For the records below, output word for word the lines from the one with "图2. HD-Zncus@ZS催化剂的乙苯脱氢催化性能" up to and including the one with "- In einer großen". No pictures.

*MATERIAL PROVIDED*:
◇ ◇ ◇ ◇

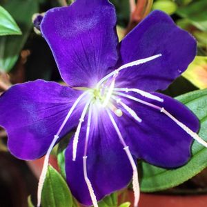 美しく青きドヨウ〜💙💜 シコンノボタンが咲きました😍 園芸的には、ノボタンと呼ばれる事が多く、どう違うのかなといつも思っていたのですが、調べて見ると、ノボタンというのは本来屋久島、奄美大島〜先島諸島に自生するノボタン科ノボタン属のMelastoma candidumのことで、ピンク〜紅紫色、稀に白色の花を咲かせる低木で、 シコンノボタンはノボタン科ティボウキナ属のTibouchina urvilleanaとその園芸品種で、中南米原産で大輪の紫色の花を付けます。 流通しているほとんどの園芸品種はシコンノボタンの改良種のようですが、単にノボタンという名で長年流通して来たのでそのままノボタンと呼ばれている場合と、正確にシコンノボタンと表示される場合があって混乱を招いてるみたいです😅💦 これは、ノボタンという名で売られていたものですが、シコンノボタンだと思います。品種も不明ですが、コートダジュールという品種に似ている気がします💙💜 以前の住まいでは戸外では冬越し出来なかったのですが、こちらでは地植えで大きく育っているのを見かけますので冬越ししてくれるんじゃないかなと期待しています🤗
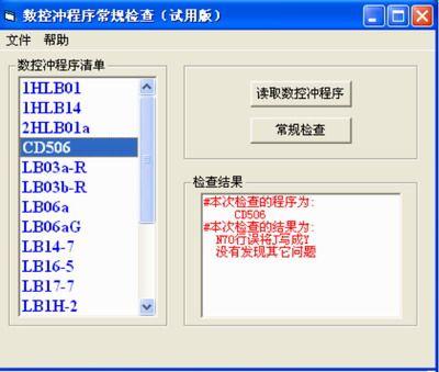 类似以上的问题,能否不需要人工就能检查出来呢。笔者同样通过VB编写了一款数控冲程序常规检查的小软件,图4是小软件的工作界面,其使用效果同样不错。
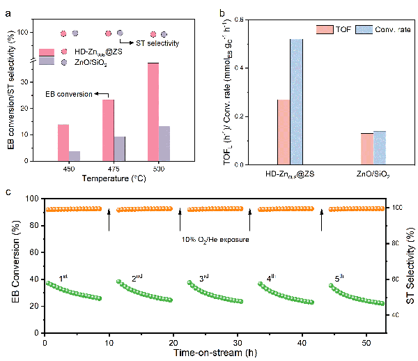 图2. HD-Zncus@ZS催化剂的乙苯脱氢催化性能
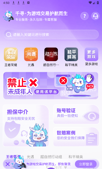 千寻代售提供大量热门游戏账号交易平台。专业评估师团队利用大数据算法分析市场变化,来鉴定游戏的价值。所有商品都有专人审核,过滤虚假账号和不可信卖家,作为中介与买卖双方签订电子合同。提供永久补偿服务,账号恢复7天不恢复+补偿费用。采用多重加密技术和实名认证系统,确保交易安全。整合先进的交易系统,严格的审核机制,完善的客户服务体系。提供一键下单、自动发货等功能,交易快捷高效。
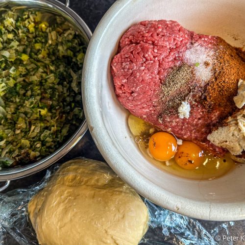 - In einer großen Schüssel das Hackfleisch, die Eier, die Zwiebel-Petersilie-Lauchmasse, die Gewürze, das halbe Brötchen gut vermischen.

◇ ◇ ◇ ◇

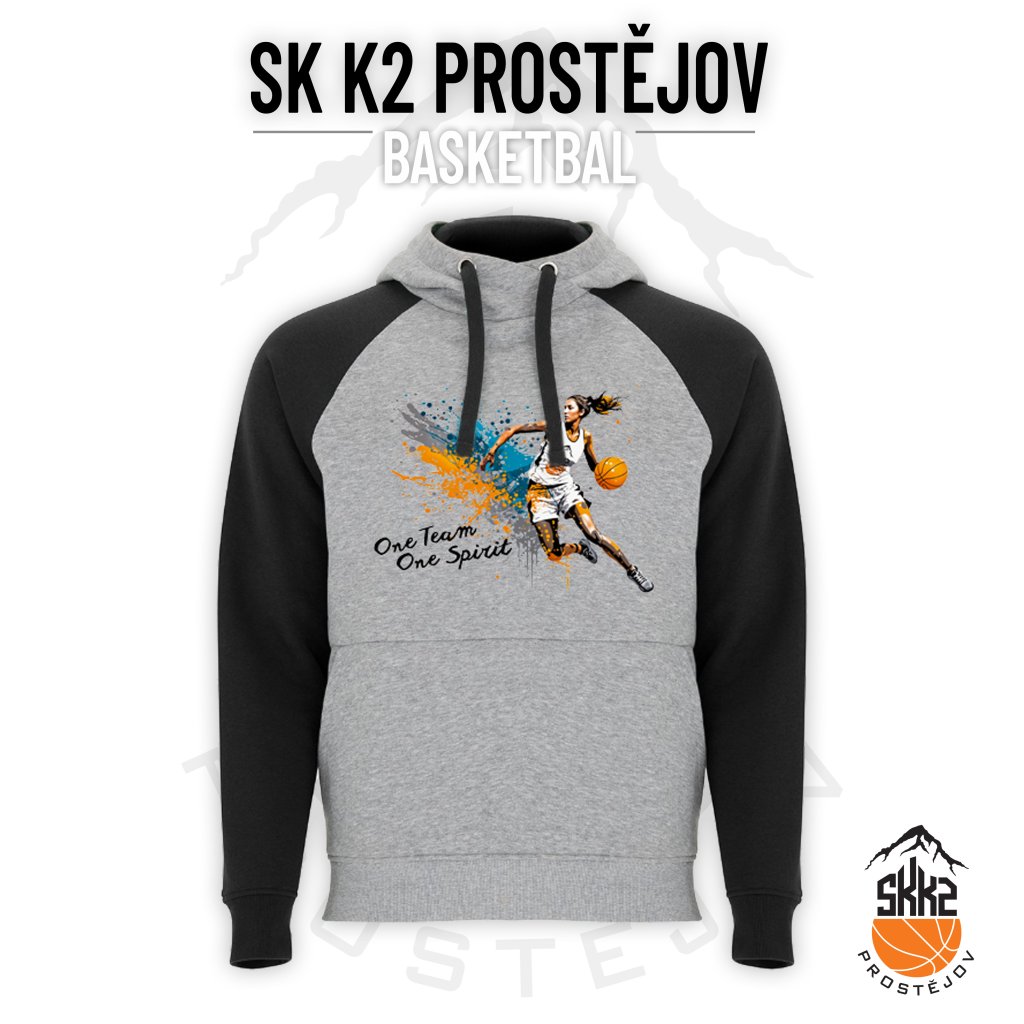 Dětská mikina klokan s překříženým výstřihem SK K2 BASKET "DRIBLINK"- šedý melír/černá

◇ ◇ ◇ ◇

*SOLUTION*:
 图2. HD-Zncus@ZS催化剂的乙苯脱氢催化性能
 千寻代售提供大量热门游戏账号交易平台。专业评估师团队利用大数据算法分析市场变化,来鉴定游戏的价值。所有商品都有专人审核,过滤虚假账号和不可信卖家,作为中介与买卖双方签订电子合同。提供永久补偿服务,账号恢复7天不恢复+补偿费用。采用多重加密技术和实名认证系统,确保交易安全。整合先进的交易系统,严格的审核机制,完善的客户服务体系。提供一键下单、自动发货等功能,交易快捷高效。
 - In einer großen Schüssel das Hackfleisch, die Eier, die Zwiebel-Petersilie-Lauchmasse, die Gewürze, das halbe Brötchen gut vermischen.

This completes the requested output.